Cars, boats, doesn't matter, the insurers have surcharges for everything. Pick a slow time of a slow day, like midweek late morning or midafternoon, and pick a broker's brains. Then do it again the next week, with someone else. One of them might even earn your business.
10-06-2012 08:50 AM
PAULCR1
Re: Insurance

svzephyr44,
Thank you for the insight. We didn't know there was so much involved we 'assumed' it was going to be like a car. You folks have been a wealth of information and assistance. I hope we can reciprocate someday.
10-06-2012 02:35 AM
svzephyr44
Re: Insurance

Most marine insurance for coverage outside the US is sold through brokers. What you need to do is find a couple of brokers and discuss it with them. They have access to a number of different insurance companies, each of whom have their own rules. Also, coverage is not like car insurance. For example, my boat was insured for US and Bahamas, then the western Caribbean, now for the North Atlantic north of 10 degrees and the Med. Each time I move the coverage is re-written and the premiums change. This is also true if I stop for a while. Usually if you are going to be in a single place for at least 3 months they will modify the coverage for that place.

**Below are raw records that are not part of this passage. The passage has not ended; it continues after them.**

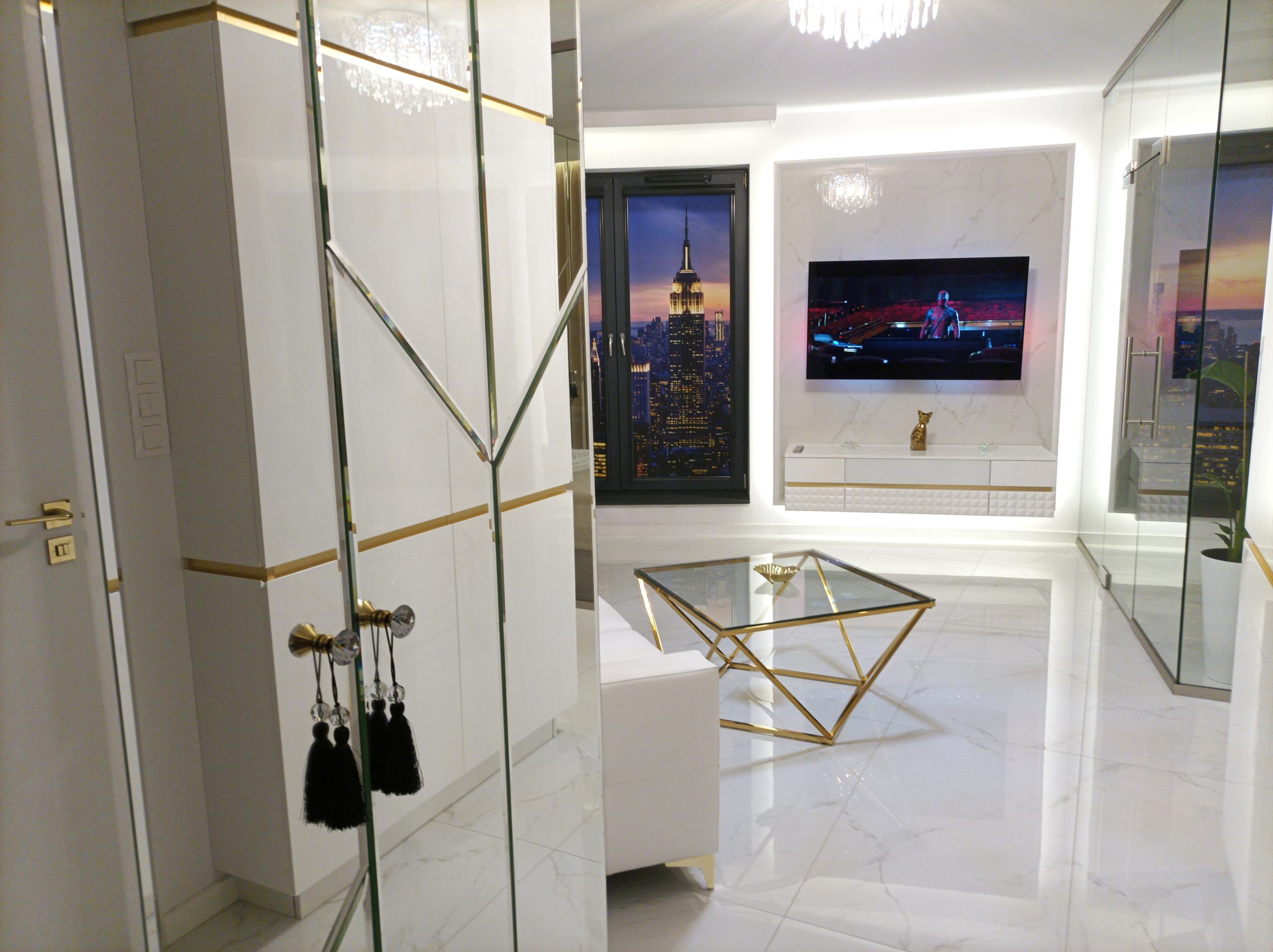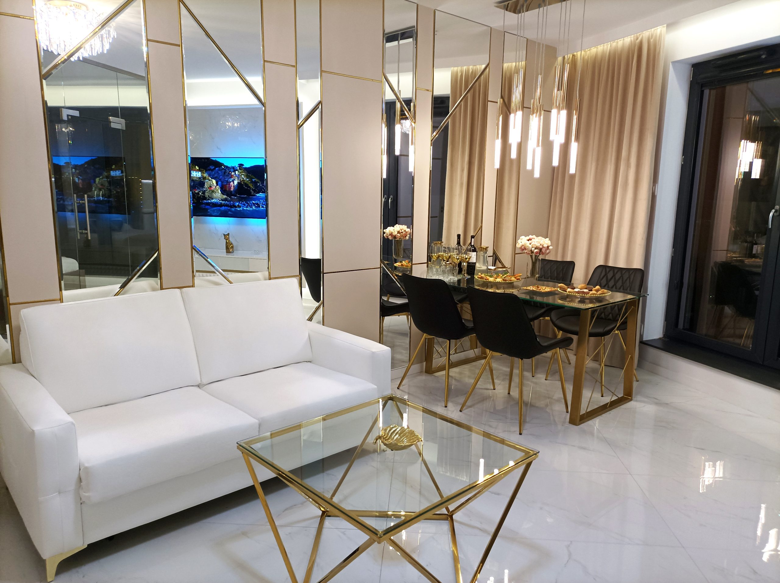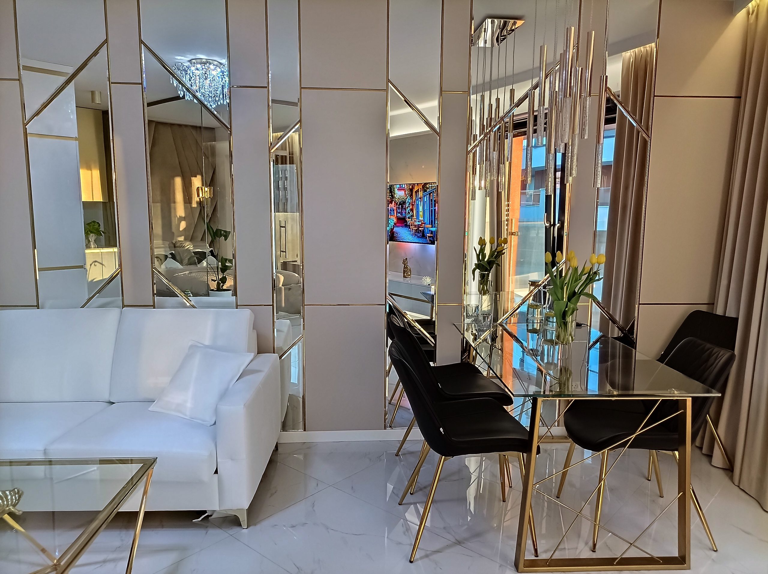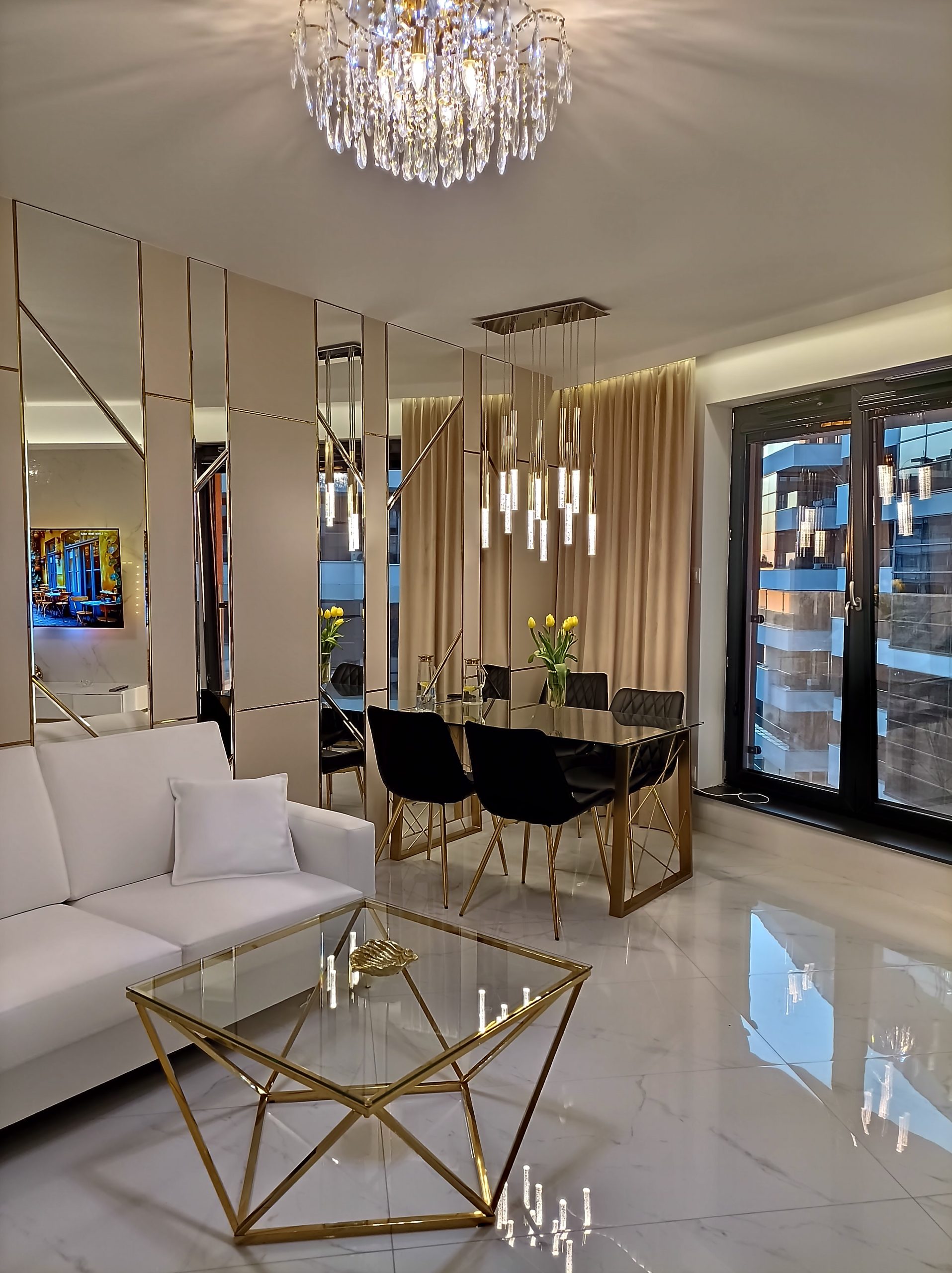 A stunning view of the main living space, highlighting the cohesive white, black, and gold Art Deco design with reflective surfaces to amplify light and space.
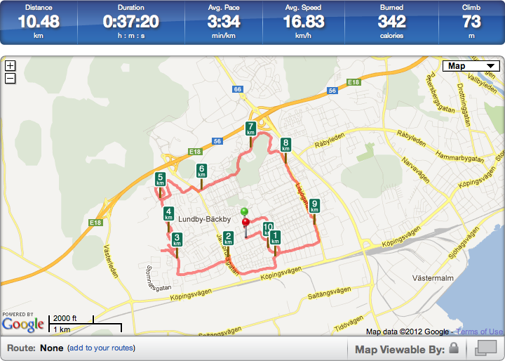 Om vädret tillåter så tänker jag cykla också. Jag har fixat RunKeeper till iPhonen och kan följa min framfart. Testade det idag och det funkar bra. Jag cyklade en mil på 34 minuter och det kändes bra. Jag tänkte cykla en till två gånger i veckan beroende på hur jag kommer iväg att simma. Sammanlagt högst tre gånger i veckan ska jag simma eller cykla är tanken.
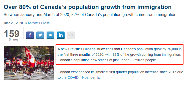 尽管疫情冲击,但新移民和留学生入关总数下降是既定事实,但加拿大统计局最近发布的统计信息可能令人震惊 ——2020年第一季度,加拿大人口增长率为五年最低点,其中80%来自新移民。
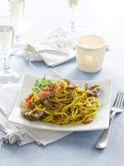 Arrosto di salmone e nasello all’arancia con cavolini alla melagrana

I am honoring this boards rules by not giving you names of brokers. The reason I sent you to the Seven Seas Cruising Association forum is that the issues of international coverage are well documented and a number of brokers read the forums on a regular basis. So if you go there you can get the real answers from the people who sell the coverage for a living.
10-05-2012 08:59 PM
PAULCR1
Re: Insurance

Geoff54,
I agree with you. If, heaven forbid, something were to happen I wouldn't want to spend the rest of my life regretting it and having to dodge bill collectors. If I have to delay my plans so be it rather than create a legal hassle.